◆ WHAT YOU WILL DO
Below are the records; give again exactly the lines from the one containing "容积率仅2.8,绿化率超35" through the one containing "The air flow", leaving out pictures.

Segment Start: INPUT DATA

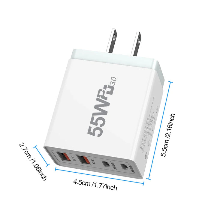This charger boasts a robust output power of 55W, utilizing Qualcomm's Quick Charge technology to deliver rapid and reliable charging. Its compact design makes it easy to carry, while the Type C output interface caters to the needs of modern devices. Whether at home, in the office, or on the go, the Quick Charge 3.0 USB Wall Charger is engineered to meet your charging demands with ease and efficiency.
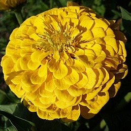 Цинния георгиноцветковая Птичка канарейка. Георгиноцветковая группа. Растение мощное, ветвистое от основания, высотой 80-90 см. Плотные георгиноцветковые полушаровидные соцветия, диаметром 8-10 см, желтые с лимонным оттенком. Цветет с  июля по сентябрь. Используют для оформления цветников, рабаток и срезки.
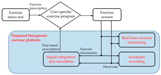 As a result, the proposed platform helps the patient exercise while maintaining the initial goal by adjusting the exercise program, even if the patient’s condition or exercise sensitivity changes from when receiving an exercise prescription. This paper presents the hardware configuration, the exercise stress test for adjustment of the exercise program, and the user application of the proposed platform.
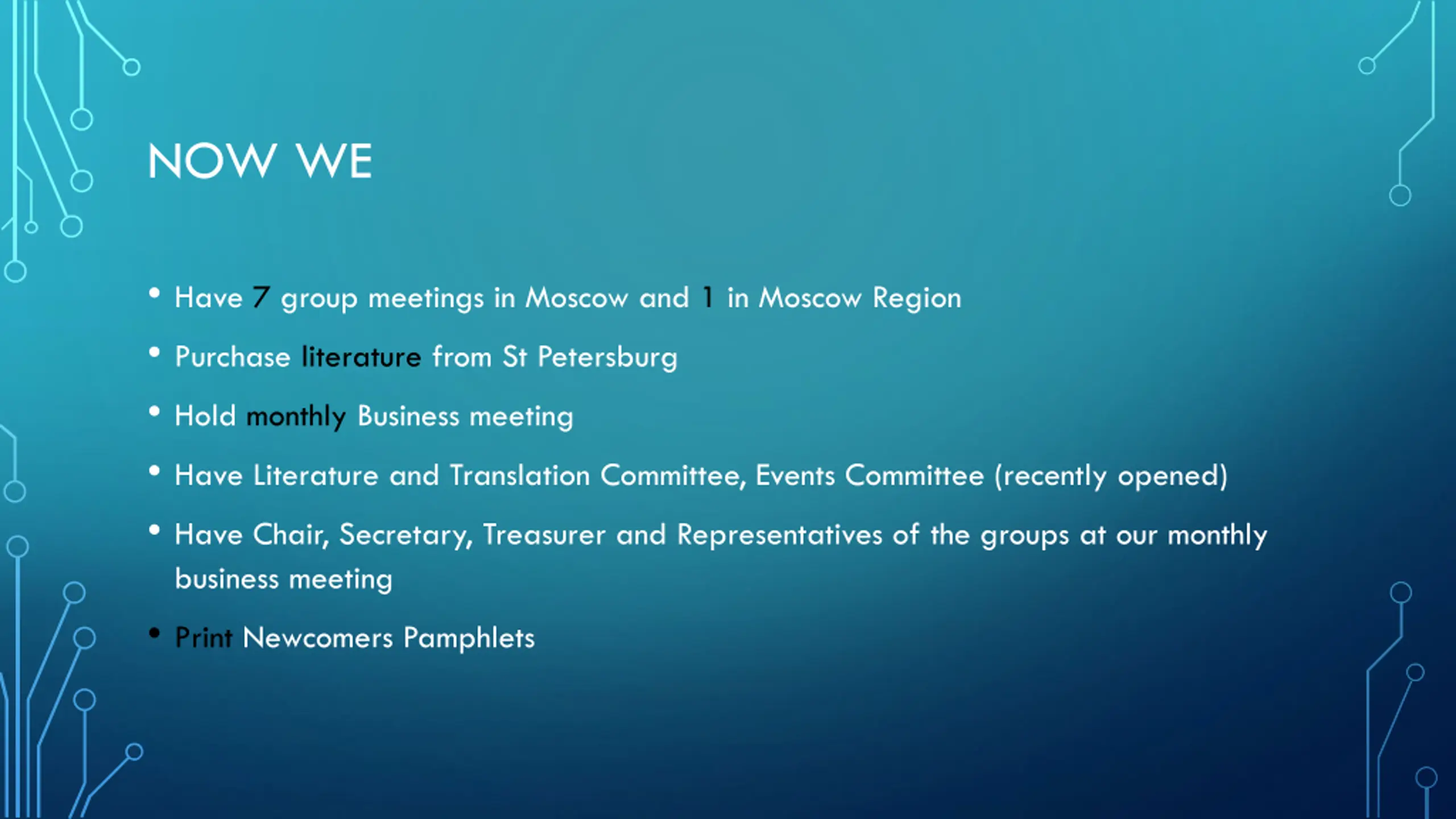 NOW WE Have 7 group meetings in Moscow and 1 in Moscow Region Purchase literature from St Petersburg Hold monthly Business meeting Have Literature and Translation Committee, Events Committee (recently opened) Have Chair, Secretary, Treasurer and Representatives of the groups at our monthly business meeting Print Newcomers Pamphlets
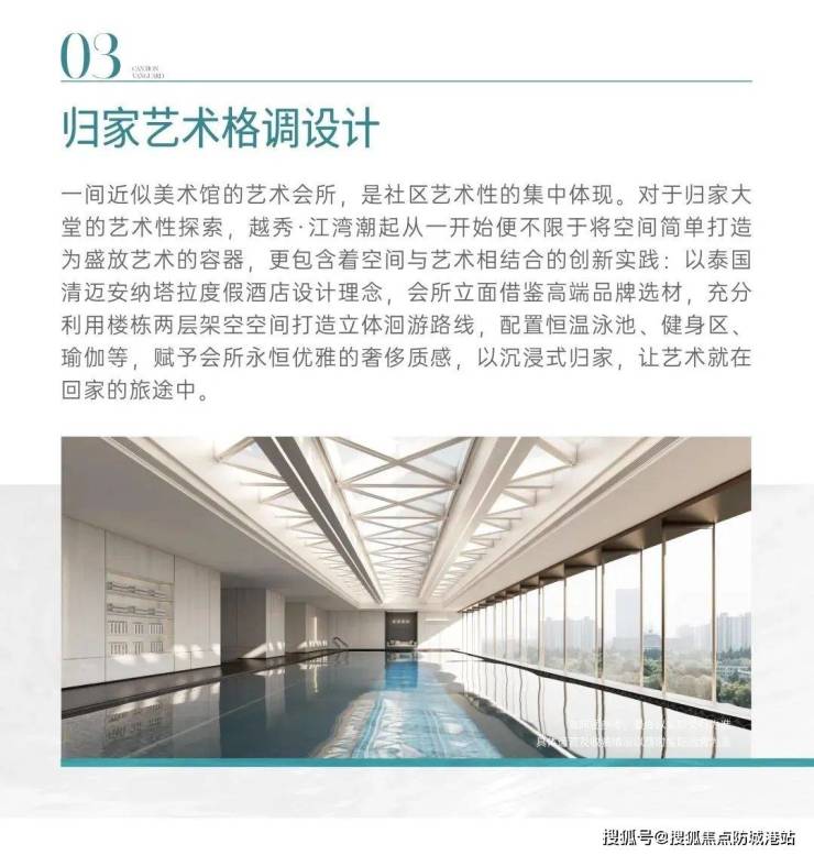 容积率仅2.8,绿化率超35%,越秀江湾潮起以“滨江生态廊道”为设计理念,打造“一轴三园九境”立体园林。楼间距最宽达120米,确保每户观江视野无遮挡;社区内配置约1500㎡高端会所,涵盖恒温泳池、私宴厅、健身空间等。
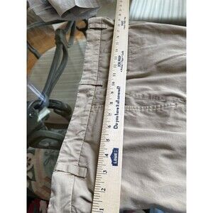 Elevate your casual beach style with these Tommy Bahama shorts in a solid beige color. Made from a blend of polyester, nylon, and spandex, these chino shorts offer a comfortable stretch fit with a flat front and zip closure. The 9-inch inseam and slash pockets make them perfect for a day at the beach or travel. Accented with the Tommy Bahama logo, these shorts are a regular fit for men size 42. There are some stitching coming off the left leg as shown in the picture
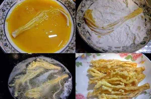 3、先把金针菇放在鸡蛋液中蘸一圈,再放入面粉或者淀粉中蘸上面粉。锅中热油,放入处理好的金针菇,放进去炸。炸的时候,用中小火炸至金黄色就可以了,炸完控油、装盘。这里不要用大火,否则很容易就炸焦了。
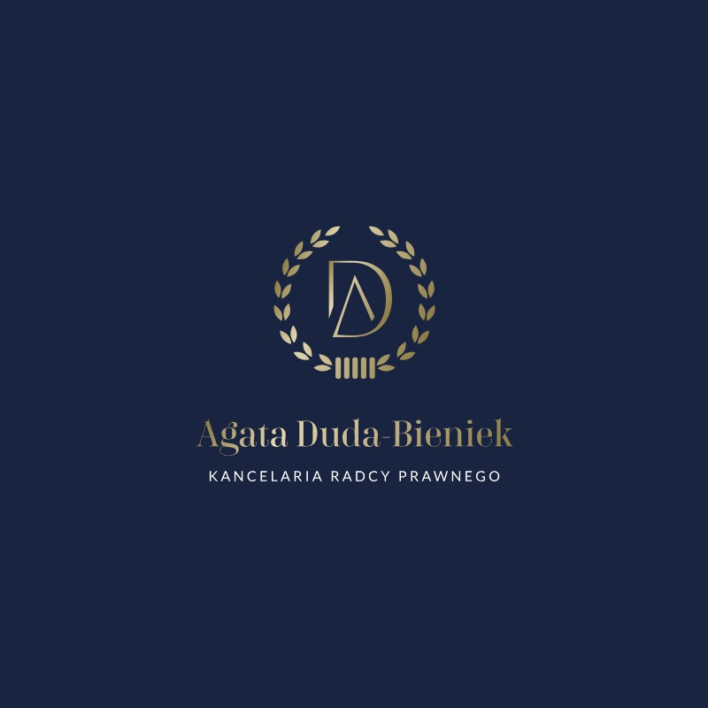 Logo dla radczyni prawnej. Budujące zaufanie logo ujęte w złoty wieniec laurowy na granatowym tle. Elegancka identyfikacja wizualna łącząca klasyczny profesjonalizm ze szlachetnością i symboliką zwycięstwa.
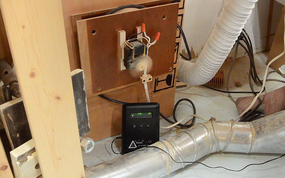The air flow for this dust collector was almost as much as at the end of the duct to my big dust collector, but checking how much dust ended up in the shop air with my Dylos, the air became much dustier than when using my big dust collector.
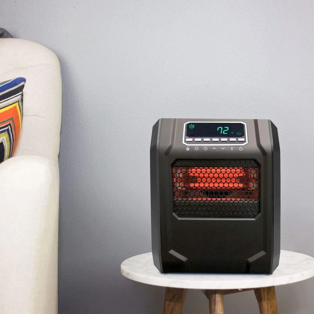 Beat the cold with the Lifesmart 4 Element Infrared heater offering you safe and healthy heat for a medium room. Lifesmart offers ultra-efficient and safe heat at less cost than other heating systems by using zone heating that maintains the heat only in the room that you are in. This heater delivers 1,500 watts of power through 4 quartz heating elements and features a 12-hour programmable timer and 3 heat settings. There is also a lifetime washable air filter to help clean the air as it heats the room. There are 3 energy settings including an Eco setting that will heat smaller areas to 68 degrees, using only the most efficient power consumption. The heater is surrounded by a stylish 2 tone black fireproof plastic cabinet that is cool to the touch. There are several other safety features including a child lock-out feature and tip-over shutoff. This amazing heater also includes a new larger remote control to operate the digital thermostat and dual timer settings that can be used to turn the unit on up to 12 hours ahead so your room is warm when you come home or turn off in up to 12 hours. Easy-read angled control panel is user-friendly and can be operated by a button or remote control (batteries not included). The lightweight, stylish cabinet features a contemporary design with built-in carry handles for easy room-to-room portability. Enjoy warm, healthy infrared heat today with the Lifesmart 4 Infrared Heater. Experience efficient and safe heat with the LifeSmart electric heaters for indoor use at less cost by using zone heating that maintains the heat only in the room that you are in Features a 1500 Watt Infrared 4 quartz heating element that does not dry out the air and equipped with a programmable timer and 3 heat settings including an Eco mode for smaller rooms Comes with a remote control to operate the digital thermostat and dual timer settings that can be used to turn the unit on in up to 12 hours ahead to ensure that your room is heated beforehand Portable heaters for indoor use includes a lifetime washable filter to help clean the air as it heats the room and safety features including a child lock out feature and tip over shutoff Electric space heater by LifeSmart does not require assembly and has built-in carry handles; Dimensions: 11.57” L x 9.72” W x 12.1” H; Weight 10.87 pounds

Segment End: INPUT DATA

◆ ANSWER BOX
 容积率仅2.8,绿化率超35%,越秀江湾潮起以“滨江生态廊道”为设计理念,打造“一轴三园九境”立体园林。楼间距最宽达120米,确保每户观江视野无遮挡;社区内配置约1500㎡高端会所,涵盖恒温泳池、私宴厅、健身空间等。
 Elevate your casual beach style with these Tommy Bahama shorts in a solid beige color. Made from a blend of polyester, nylon, and spandex, these chino shorts offer a comfortable stretch fit with a flat front and zip closure. The 9-inch inseam and slash pockets make them perfect for a day at the beach or travel. Accented with the Tommy Bahama logo, these shorts are a regular fit for men size 42. There are some stitching coming off the left leg as shown in the picture
 3、先把金针菇放在鸡蛋液中蘸一圈,再放入面粉或者淀粉中蘸上面粉。锅中热油,放入处理好的金针菇,放进去炸。炸的时候,用中小火炸至金黄色就可以了,炸完控油、装盘。这里不要用大火,否则很容易就炸焦了。
 Logo dla radczyni prawnej. Budujące zaufanie logo ujęte w złoty wieniec laurowy na granatowym tle. Elegancka identyfikacja wizualna łącząca klasyczny profesjonalizm ze szlachetnością i symboliką zwycięstwa.
The air flow for this dust collector was almost as much as at the end of the duct to my big dust collector, but checking how much dust ended up in the shop air with my Dylos, the air became much dustier than when using my big dust collector.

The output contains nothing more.